John Michael Wansleben was born at Sommerda, near Erfurth, November 1st, 1635. His father was the Lutheran minister of the place. At a proper age he was sent to the University of Erfurth, and afterward completed his studies at the University of Königsberg in 1656. He held for a short time a position as private tutor, and entered the army of the Elector of Brandenburg in 1657, serving as a private soldier through the campaign of that year.

With some idea of embracing a commercial career, he then visited Schleswig, Amsterdam, Glückstadt, and Hamburg, but without result, and returned to Erfurth in 1658. Job Ludolf, a distinguished savant of Erfurth, was then in the meridian of his fame. Ludolf had been sent to Rome in 1649, to make search for the memoirs of John Magnus, Archbishop of Upsal, a man noted for his learning and piety, who, after an unsuccessful struggle against the kingly power of Gustavus Vasa, and the introduction of Lutheranism into Sweden, retired to Rome, where he died. Ludolf, failing to find the memoirs he sought, remained some time in Rome, occupied in the study of the Ethiopian tongue. He was, unquestionably, a man of remarkable acquirements, and was in his day credited with knowing twenty-five languages.

Vansleb[102] attracted the attention of Ludolf, and was received by him partly as a pupil, partly as an assistant, specially devoting himself, by Ludolf's direction, to the study of the Ethiopian language. In 1661, when he was thought sufficiently advanced, Ludolf sent him to London to supervise the publication of his Ethiopian dictionary. Vansleb performed his task, and the dictionary was published the same year. At this time, the English polyglot edition (six vols. folio) of the Bible, by Walton, Bishop of Chester, was in course of publication. There was in that day no dearth of imitators of Cardinal Ximenes. Although bearing the name of Walton, it was the work of several learned men, and its oriental versions were copied from the Bible of Le Jay, (Paris.) Distinguished among its collaborators was Edmund Castell, Canon of Canterbury, an oriental scholar, who afterward published his Lexicon Heptaglotton, the fruit of eighteen hours' daily labor for a period of seventeen years.[103] Castell met with Vansleb, and engaged him as his assistant, taking him into his house and admitting him to his table. For three years and a half Vansleb labored with Castell, who thus mentions him in the preface to his Lexicon: "In ethiopicis per idem tempus operam impendebat suam D. M. Wanslebius, qui ad perpoliendum in eisdem ingenium in varias orientis oras, longa atque periculosa suscepit itinera."[104]
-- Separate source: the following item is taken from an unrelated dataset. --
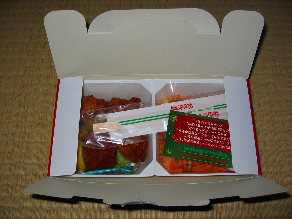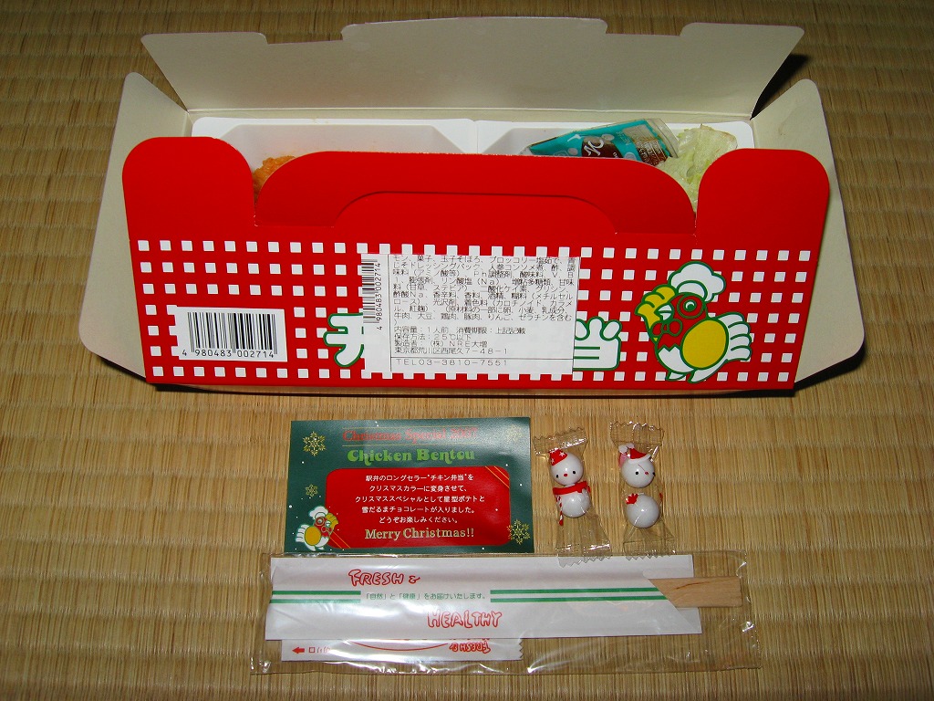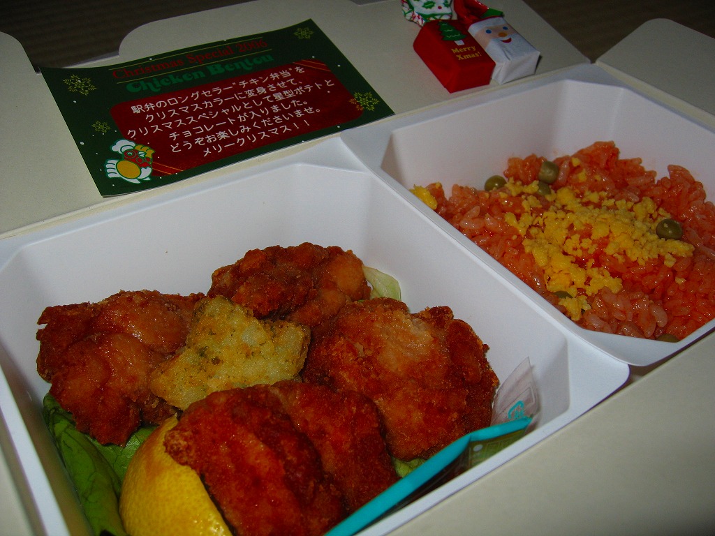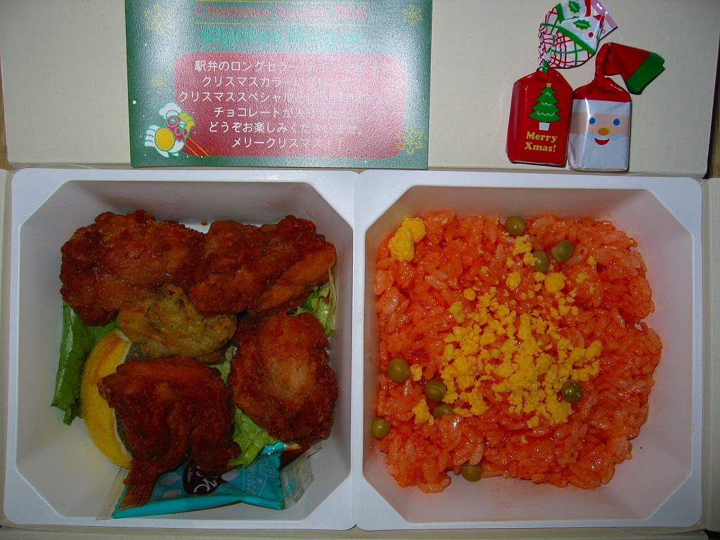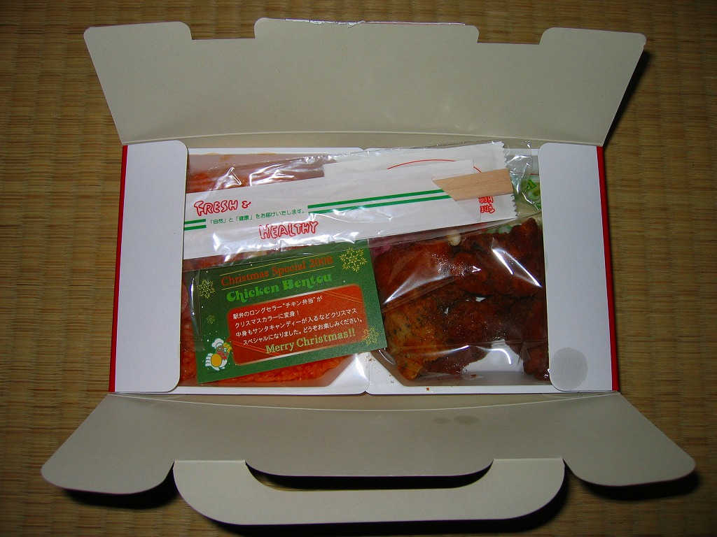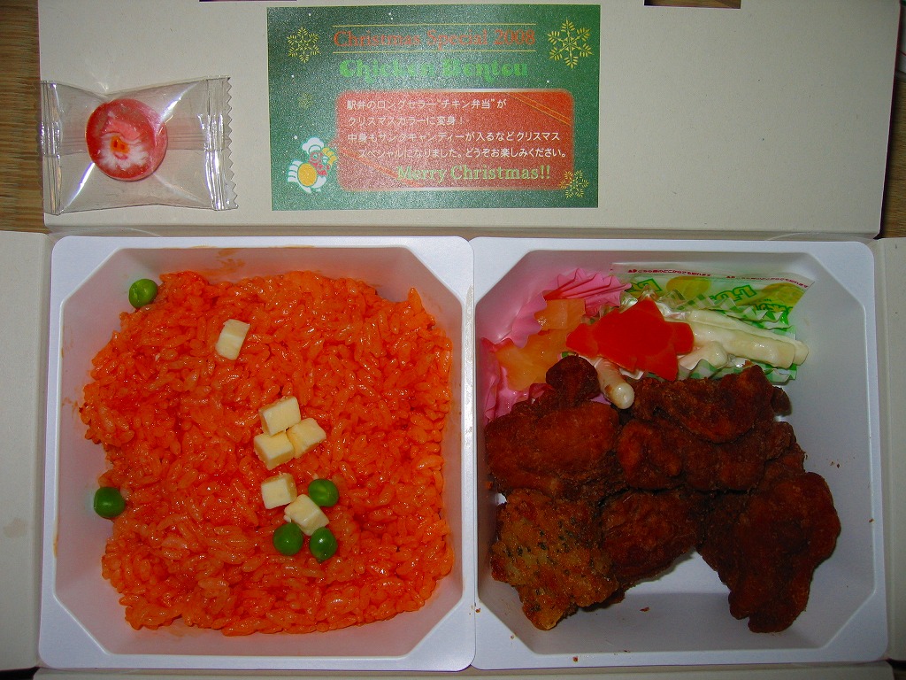 チキン弁当クリスマスバージョンの2010(平成22)年版で、今回は10日から25日までの販売。買いそびれた2009年版では、チキンライスの上に振るチーズがクリスマスツリー型の玉子焼に変わり、今回はサンタクロース顔の金太郎飴がパチンコ玉の大きさのチョコレート2個に変わり、パッケージの背景がチェック柄から雪空?に変わり、クリスマスカードの添付がなくなった。

Returning to Germany, Vansleb found that Ludolf, as the tutor of the young princes of Saxony, had obtained great credit and influence with Duke Ernest, surnamed the Pious. Ludolf had long cherished the singular project of bringing about an alliance between some German prince and the King of Ethiopia, (modern Abyssinia,) and by dint of long conferences on the subject with the duke, had succeeded in enlisting Ernest's enthusiastic interest in his plan. This it was:

An ardent champion of what is called Luther's Reformation, he was assiduous in seeking for it moral support wherever it could possibly be found. He imagined that he saw a certain degree of conformity between Lutheranism and the Coptic rite, and the idea of the appearance of antiquity the new religion would receive from a union with one of the oldest oriental churches was more than enough to awaken his warmest enthusiasm. Ludolf, moreover, hoped, through superior German civilization, that Protestantism would be enabled to exercise a decided influence upon the retrograde population of Abyssinia.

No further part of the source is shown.